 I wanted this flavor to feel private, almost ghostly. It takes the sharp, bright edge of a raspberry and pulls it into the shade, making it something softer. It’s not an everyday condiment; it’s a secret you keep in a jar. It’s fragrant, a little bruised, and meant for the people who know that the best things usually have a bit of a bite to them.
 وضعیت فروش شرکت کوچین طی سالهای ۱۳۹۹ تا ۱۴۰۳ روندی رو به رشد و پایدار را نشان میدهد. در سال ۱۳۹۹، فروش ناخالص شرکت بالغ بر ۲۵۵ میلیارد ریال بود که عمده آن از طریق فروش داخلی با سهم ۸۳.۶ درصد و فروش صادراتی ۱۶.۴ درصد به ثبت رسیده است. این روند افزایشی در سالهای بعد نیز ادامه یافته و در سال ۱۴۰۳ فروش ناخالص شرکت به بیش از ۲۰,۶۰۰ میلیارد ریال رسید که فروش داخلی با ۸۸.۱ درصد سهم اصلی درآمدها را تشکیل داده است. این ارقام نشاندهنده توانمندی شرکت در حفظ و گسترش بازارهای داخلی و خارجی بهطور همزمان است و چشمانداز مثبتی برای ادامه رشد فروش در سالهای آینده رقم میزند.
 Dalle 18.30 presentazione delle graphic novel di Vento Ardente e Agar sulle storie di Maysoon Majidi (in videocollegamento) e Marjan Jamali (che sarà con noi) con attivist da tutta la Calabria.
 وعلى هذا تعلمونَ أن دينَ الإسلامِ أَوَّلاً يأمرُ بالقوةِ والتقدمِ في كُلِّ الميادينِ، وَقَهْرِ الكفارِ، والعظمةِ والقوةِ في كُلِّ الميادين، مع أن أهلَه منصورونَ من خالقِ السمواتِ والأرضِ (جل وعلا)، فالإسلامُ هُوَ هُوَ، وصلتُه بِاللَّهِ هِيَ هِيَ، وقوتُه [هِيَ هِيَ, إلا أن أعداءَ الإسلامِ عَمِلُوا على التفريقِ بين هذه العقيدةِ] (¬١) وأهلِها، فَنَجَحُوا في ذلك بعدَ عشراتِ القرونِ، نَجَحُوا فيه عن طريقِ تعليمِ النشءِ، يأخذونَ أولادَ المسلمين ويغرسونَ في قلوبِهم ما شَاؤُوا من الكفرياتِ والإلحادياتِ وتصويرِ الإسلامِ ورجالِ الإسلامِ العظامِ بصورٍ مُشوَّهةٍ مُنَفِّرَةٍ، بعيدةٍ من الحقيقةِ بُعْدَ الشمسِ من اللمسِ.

--

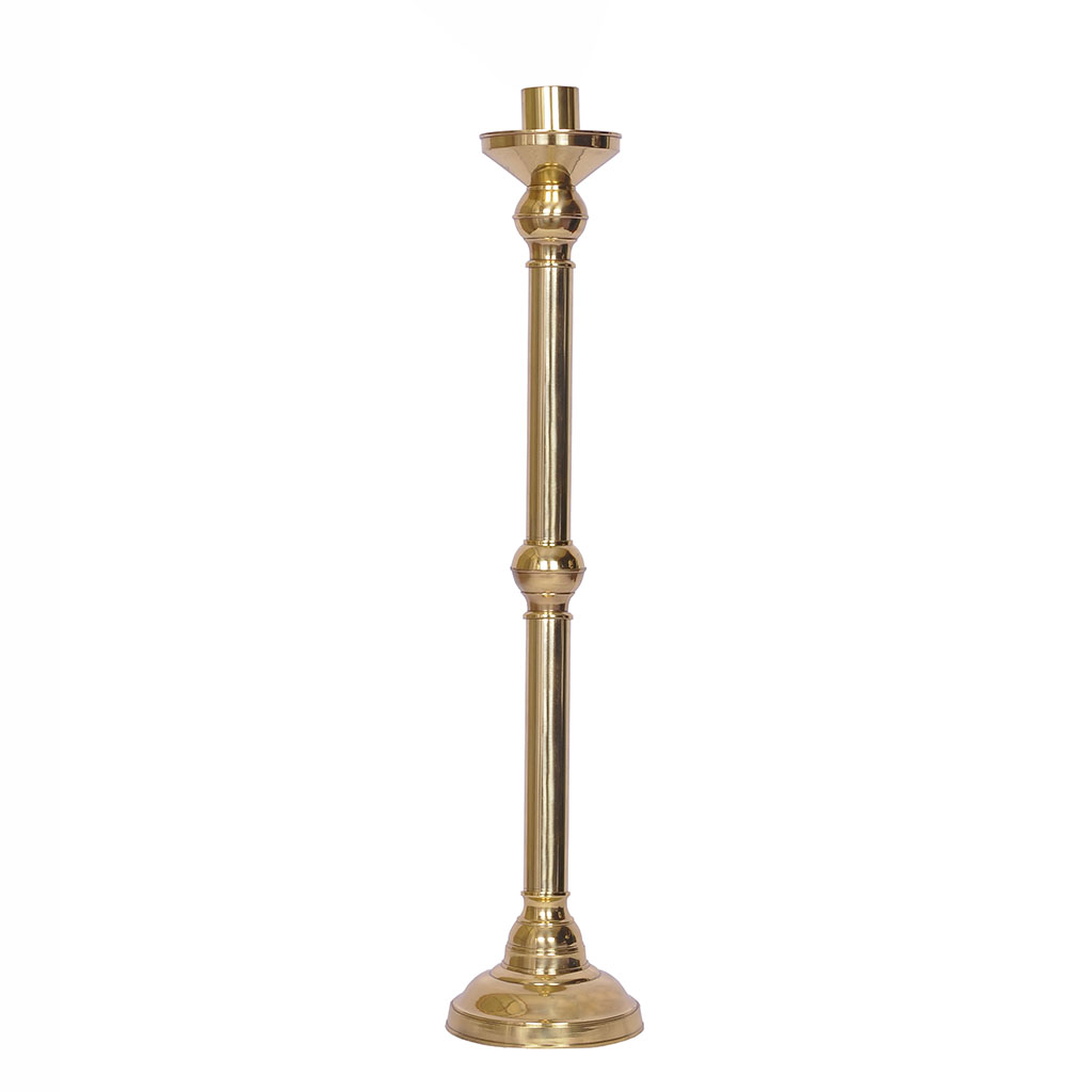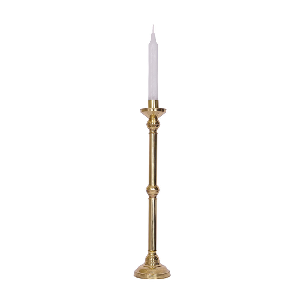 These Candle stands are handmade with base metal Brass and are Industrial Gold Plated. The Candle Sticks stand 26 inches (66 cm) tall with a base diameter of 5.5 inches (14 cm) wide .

Task requirements:
Your answer must consist solely of the lines above between the line holding "I wanted this" and the line holding "Dalle 18.30 presentazione", inclusive, copied exactly.

Exercise solution:
 I wanted this flavor to feel private, almost ghostly. It takes the sharp, bright edge of a raspberry and pulls it into the shade, making it something softer. It’s not an everyday condiment; it’s a secret you keep in a jar. It’s fragrant, a little bruised, and meant for the people who know that the best things usually have a bit of a bite to them.
 وضعیت فروش شرکت کوچین طی سالهای ۱۳۹۹ تا ۱۴۰۳ روندی رو به رشد و پایدار را نشان میدهد. در سال ۱۳۹۹، فروش ناخالص شرکت بالغ بر ۲۵۵ میلیارد ریال بود که عمده آن از طریق فروش داخلی با سهم ۸۳.۶ درصد و فروش صادراتی ۱۶.۴ درصد به ثبت رسیده است. این روند افزایشی در سالهای بعد نیز ادامه یافته و در سال ۱۴۰۳ فروش ناخالص شرکت به بیش از ۲۰,۶۰۰ میلیارد ریال رسید که فروش داخلی با ۸۸.۱ درصد سهم اصلی درآمدها را تشکیل داده است. این ارقام نشاندهنده توانمندی شرکت در حفظ و گسترش بازارهای داخلی و خارجی بهطور همزمان است و چشمانداز مثبتی برای ادامه رشد فروش در سالهای آینده رقم میزند.
 Dalle 18.30 presentazione delle graphic novel di Vento Ardente e Agar sulle storie di Maysoon Majidi (in videocollegamento) e Marjan Jamali (che sarà con noi) con attivist da tutta la Calabria.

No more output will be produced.